Notre dossier cette semaine :

- Article de Laure Jouteau sur l'appareil Kindle lancé par Amazon.
- Article de Boris Jamet-Fournier sur l'état de la lecture aux Etats-Unis.
- Article de Henri Verdier sur l'ouvrage de Gilles Lipovetsky, L'écran global (paru au Seuil).
- Deux articles sur l'ouvrage de Christian Salmon, Storytelling (sous-titré La Machine à fabriquer des histoires et à formater les esprits, paru à la Découverte) : article de Maurice Ronai et article de Frédéric Martel.



Comme dans toute période de forte rupture, nous sommes en train de vivre des changements essentiels sans nous rendre tout à fait compte de ce qui se passe, ni de l'ampleur que ces changements prendront. L'histoire du livre, de l'édition et de la lecture est probablement, de ce point de vue, à un tournant majeur. Mais nous ne sommes qu'au début de cette révolution du XXIème siècle. Le siècle numérique ?


Amazon lance Kindle : vers un iPod du livre ?

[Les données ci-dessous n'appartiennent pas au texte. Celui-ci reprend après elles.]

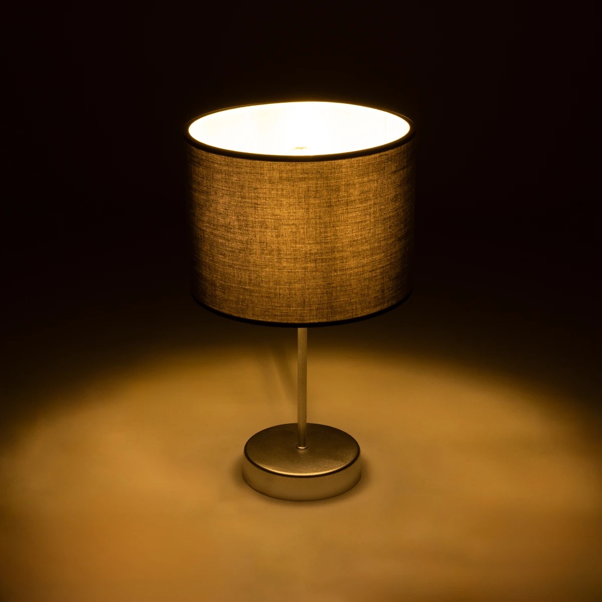 GloboStar® WIZ 203-0179 Μοντέρνο Επιτραπέζιο Φωτιστικό Πορτατίφ Μονόφωτο 1 x E27 IP20 Ασημί Μέταλλο με Γκρι Ύφασμα - Μ22 x Π22 x Υ36.5cm

Avec le lancement au mois de novembre dernier de Kindle par Amazon, nous voici en présence d'un eBook de la nouvelle génération. Kindle  permet de commander et télécharger du contenu sans passer par un ordinateur et de disposer ainsi d'un accès instantané à 90.000 livres, blogs et magazines. Le téléchargement d'un livre est censé se faire en moins d'une minute et sa mémoire lui permet de contenir jusqu'à 200 ouvrages. Son prix (399 dollars), auquel il faut ajouter le prix du téléchargement du livre (entre 1,99 et 9,99 dollars), est encore prohibitif. Et rien ne dit que Kindle, en dépit de son nom, sera un succès et marquera l'éveil majeur du marché du livre sur Internet.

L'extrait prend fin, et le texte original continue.